[Extracted records]
== == ==

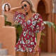 Custom Face Beach Wrap Hawaiian Style Flowers And Leaves Red Cover Ups
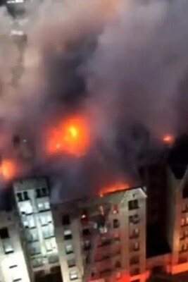 ویدیو هوایی آتش سوزی وحشتناک و غیرقابل کنترل در داخل شهر/ همه مردم منطقه مجبور به فرار شدند
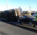 В Омске "КамАЗ" опрокинулся прямо на иномарку
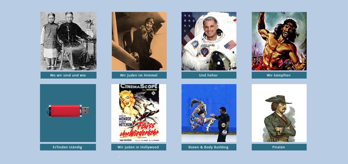 Eine unkonventionelle Online-Ausstellung zum Festjahr "1.700 Jahre jüdisches Leben in Deutschland." 1.000 Bilder und Texte zeigen Juden auf allen Kontinenten: geniale Erfinder, sexy Models oder furchterregende Piraten. Berühmte Boxer, gefeierte Kriegshelden oder bekannte Schauspieler. Die Ausstellung präsentiert selbstbewusst die herausragenden Leistungen von Juden in Deutschland und anderen Ländern - und führt antisemitische Vorurteile ad absurdum.
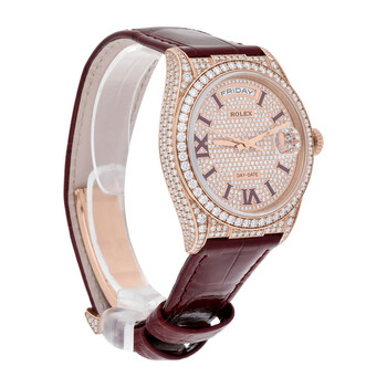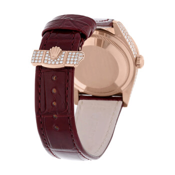 Rose gold-tone diamond set case with a burgandy crocodile leather strap. Fixed bezel with diamond set. Diamonds dial with rose gold-tone hands and Roman numeral hour markers. Dial Type: Analog. Date display at the 3 o'clock position, day display at the 12 o'clock position. Automatic movement with a 70-hour power reserve. Scratch resistant sapphire crystal. Screw down crown. Solid case back. Round case shape, case size: 36 mm. Fold over clasp. Water resistant at 100 meters / 330 feet. Functions: chronograph, hour, minute, second. Daydate Series. Dress watch style. Watch label: Swiss Made. Item Variations: M128155RBR-0002, 128155RBR-0002. Rolex Daydate Chronograph Automatic Diamond Ladies Watch M128155RBR-0002.
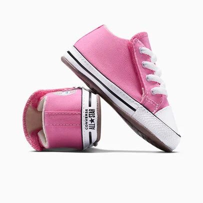 Le Converse modello culla in colore rosa con comoda apertura a strappo sono perfette per regalare ai neonati comfort, praticità e il tocco di stile inconfondibile del brand. Realizzate in morbida tela, risultano leggere e piacevoli da indossare, ideali per accompagnare i primi movimenti del bambino. La chiusura a strappo facilita la calzata e permette ai genitori di metterle e toglierle con rapidità, garantendo comunque una tenuta sicura. La suola morbida e flessibile protegge i piedini senza limitarne la naturale mobilità. Le Converse culla rosa sono la scelta ideale per completare outfit teneri, delicati e sempre alla moda sin dai primi mesi.
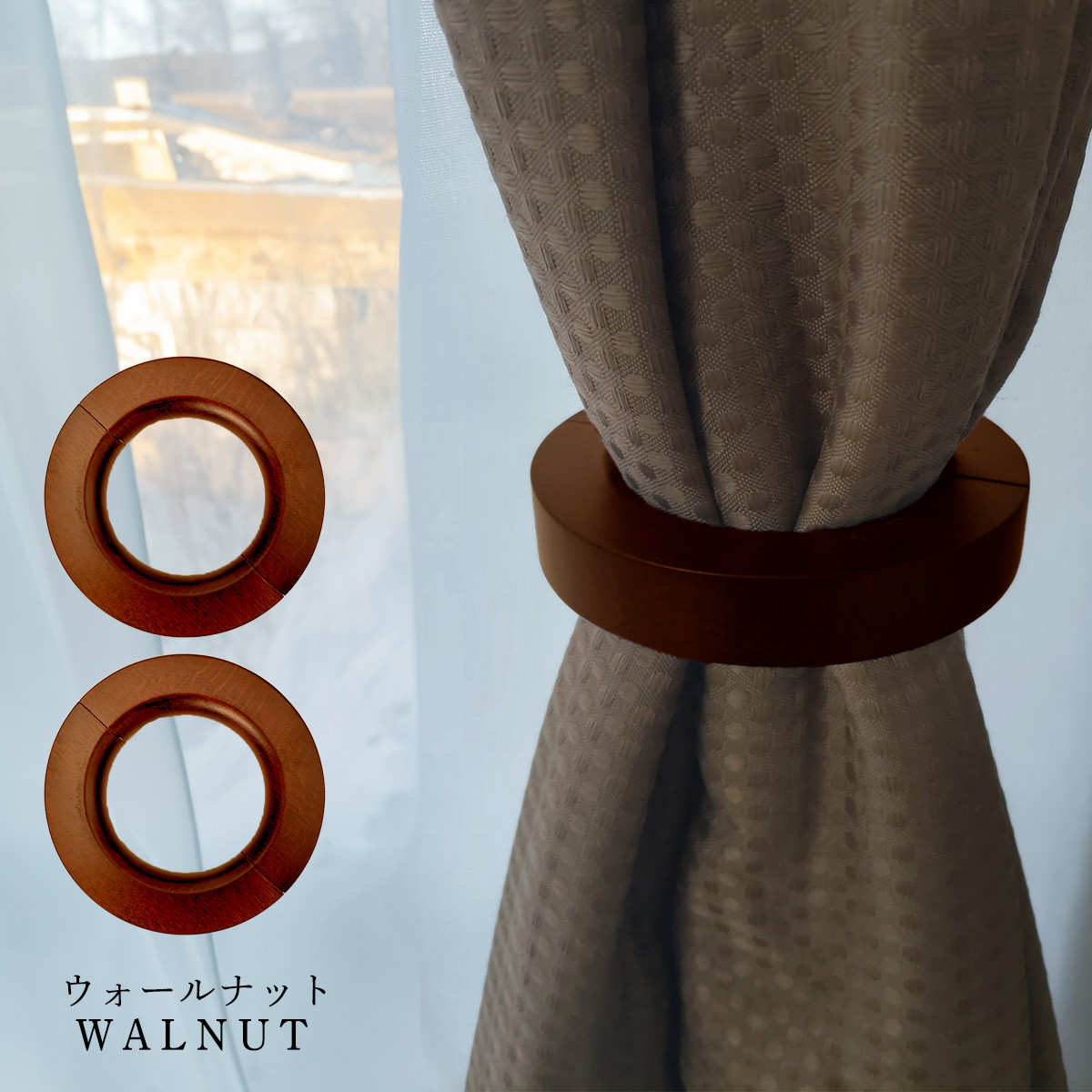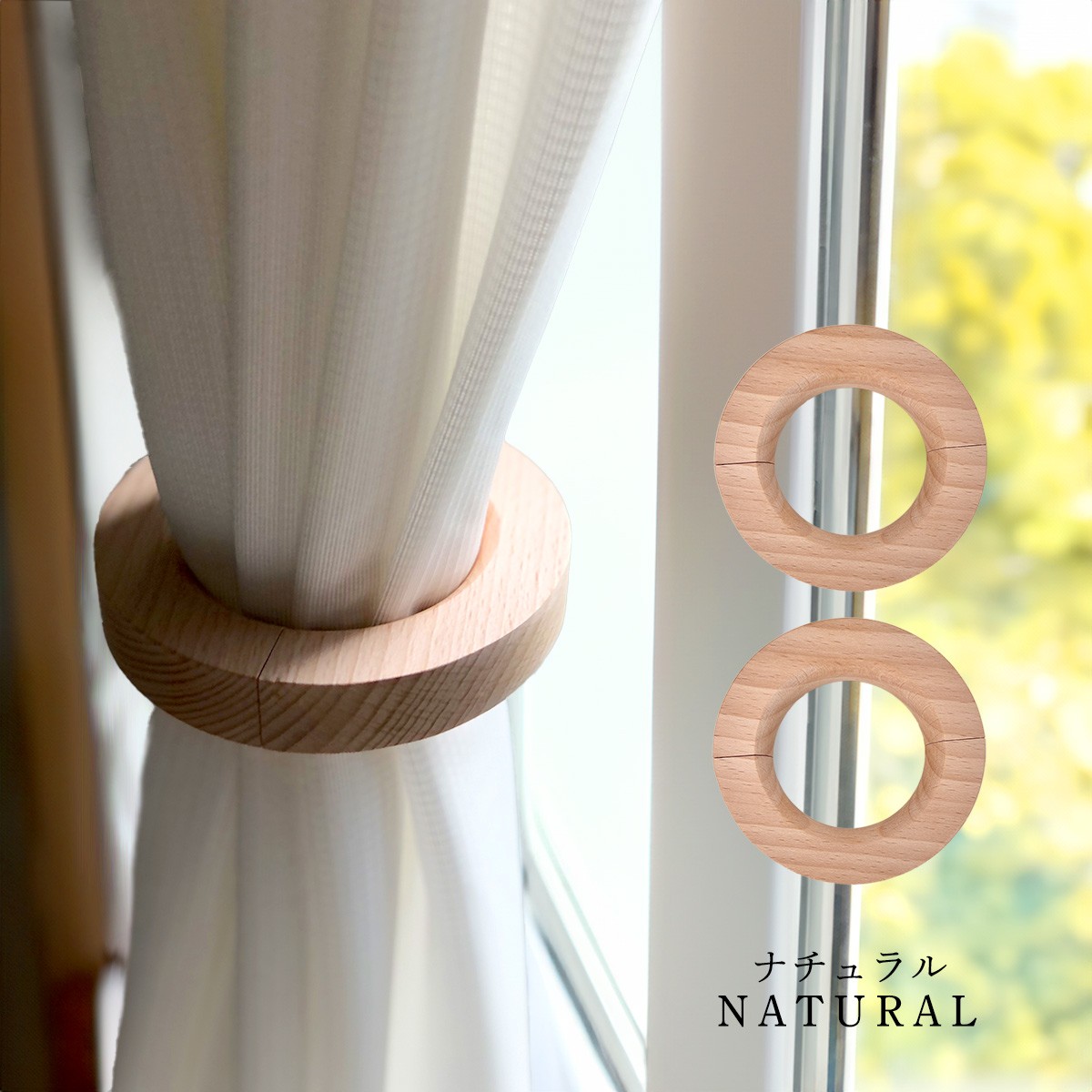 カーテンタッセル マグネット 強力マグネット 木製 ウッド おしゃれ カーテン タッセル フック なし かわいい 木 カーテンホルダー マグネ クリップ 2個 セット

== == ==

Try it: Repeat the data exactly, dropping every picture it holds.

Solution:
 Custom Face Beach Wrap Hawaiian Style Flowers And Leaves Red Cover Ups
 ویدیو هوایی آتش سوزی وحشتناک و غیرقابل کنترل در داخل شهر/ همه مردم منطقه مجبور به فرار شدند
 В Омске "КамАЗ" опрокинулся прямо на иномарку
 Eine unkonventionelle Online-Ausstellung zum Festjahr "1.700 Jahre jüdisches Leben in Deutschland." 1.000 Bilder und Texte zeigen Juden auf allen Kontinenten: geniale Erfinder, sexy Models oder furchterregende Piraten. Berühmte Boxer, gefeierte Kriegshelden oder bekannte Schauspieler. Die Ausstellung präsentiert selbstbewusst die herausragenden Leistungen von Juden in Deutschland und anderen Ländern - und führt antisemitische Vorurteile ad absurdum.
 Rose gold-tone diamond set case with a burgandy crocodile leather strap. Fixed bezel with diamond set. Diamonds dial with rose gold-tone hands and Roman numeral hour markers. Dial Type: Analog. Date display at the 3 o'clock position, day display at the 12 o'clock position. Automatic movement with a 70-hour power reserve. Scratch resistant sapphire crystal. Screw down crown. Solid case back. Round case shape, case size: 36 mm. Fold over clasp. Water resistant at 100 meters / 330 feet. Functions: chronograph, hour, minute, second. Daydate Series. Dress watch style. Watch label: Swiss Made. Item Variations: M128155RBR-0002, 128155RBR-0002. Rolex Daydate Chronograph Automatic Diamond Ladies Watch M128155RBR-0002.
 Le Converse modello culla in colore rosa con comoda apertura a strappo sono perfette per regalare ai neonati comfort, praticità e il tocco di stile inconfondibile del brand. Realizzate in morbida tela, risultano leggere e piacevoli da indossare, ideali per accompagnare i primi movimenti del bambino. La chiusura a strappo facilita la calzata e permette ai genitori di metterle e toglierle con rapidità, garantendo comunque una tenuta sicura. La suola morbida e flessibile protegge i piedini senza limitarne la naturale mobilità. Le Converse culla rosa sono la scelta ideale per completare outfit teneri, delicati e sempre alla moda sin dai primi mesi.
 カーテンタッセル マグネット 強力マグネット 木製 ウッド おしゃれ カーテン タッセル フック なし かわいい 木 カーテンホルダー マグネ クリップ 2個 セット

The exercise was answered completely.